Ancora oggi ci sono tantissimi appassionati di band progressive quali Gentle Giant, King Crimson, Banco, PFM, Area, oppure di musicisti sperimentali quali Diamanda Galàs, Stockhausen o Popol Vuh. Un universo musicale ricchissimo, emotivamente e culturalmente, fatto di invenzione, composizione, espressione, tanto studio, tanta tecnica e tanta, tanta visionarietà. PSIC festival è dedicato a loro, offrendo uno spazio di ascolto di grande fascino: un teatro storico che esalta gli elementi musicali e scenografici.

PSIC va a completare proposta musicale dei tanti festival italiani, spesso più vicini al pop, al jazz, al blues, al metal rock o al folk, e anima con proposte di qualità la stagione invernale, più povera di programmazioni musicali.

 

Un evento che interesserà un pubblico di tutte le età, composto sia da musicisti che da estimatori del genere, offrendo un nuovo momento di incontro e scambio. Per il pubblico giovanile sarà l’occasione di ascoltare buona musica, diversa rispetto agli stili più in voga in questo momento, in uno spazio di qualità come può esserlo un teatro storico.

Gli artisti della prima edizione di PSIC Festival

Sabato 12 Marzo, l’apertura del festival è alle 17.30 con una conversazione di Donato Zoppo, uno dei maggiori esperti italiani del genere prog, che introdurrà il festival delineando i contorni storici ed estetici di questo movimento musicale.

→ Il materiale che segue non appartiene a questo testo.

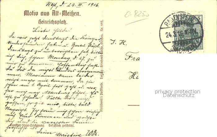 42397525 alte Postkarte Alt Meissen Elbe Heinrichsplatz Brunnen Kuenstler Steinzeichnung postalisch gelaufen Erhaltung siehe scans KatCode: 11110014280240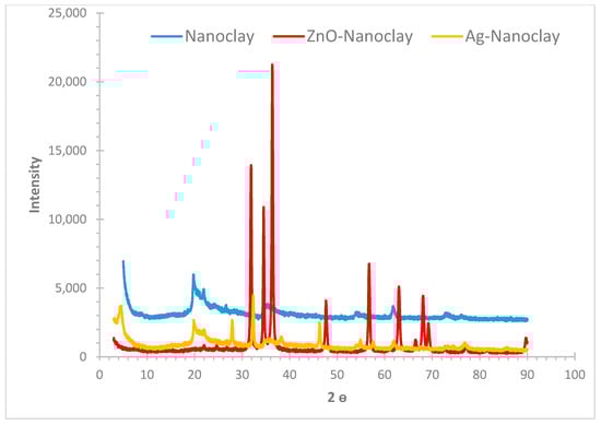 XRD patterns of nanoclay, Ag-Nanoclay, and ZnO-Nanoclay nanoparticles.

Il primo concerto sarà alle 21.30 con la violoncellista americana Julia Kent e il chitarrista torinese Paolo Spaccamonti, per un live tra elettronica e ambient, con atmosfere epiche e narrative.

Domenica 13 Marzo, ore 17.30 Glincolti giovane band veneta che propone uno psico- rock-prog strumentale con alto tasso di virtuosismo e forti influenze provenienti dal rock progressivo italiano anni 70.

Giovedì 17 Marzo, ore 21.30 il palco si trasforma in spazio alchemico per Lili Refrain, performer e chitarrista romana. La sorprendente padronanza tecnico-espressiva nell’uso dei loop le permetton, solo con voce e chitarra, di creare potenti paesaggi sonori che mescolano l’ambient minimalista alla psichedelia blues, il metal all’opera lirica.

Venerdì 18 Marzo, ore 21.30, ultimo concerto con La fabbrica dell’assoluto che presenta il primo concept album appena uscito “1984-L’ultimo uomo d’Europa” che, come da tradizione del progressive, più che semplici canzoni propone mini suite e lunghi brani di rock-sinfonico.

Durante le 4 serate del festival, nel foyer del teatro sarà allestita una mostra di opere d’arte e maschere realizzate da Gianmarco Bordi e FaMaschere. Le stesse maschere sono utilizzate nelle visionarie creazioni fotografiche di Tito Gargamelli che verranno proiettate in sala prima dell’inizio dei concerti, accompagnate dalle colonne sonore di artisti ricercatori di sonorità, quali Angelo Secondini, Alex Savelli e il trio Radical Improvvisation di Binotti, Bianchi e Esposito.

Biglietti

Posto unico 10,00 € – Abbonamento a 4 concerti a 30,00 € – Prevendite www.liveticket.it.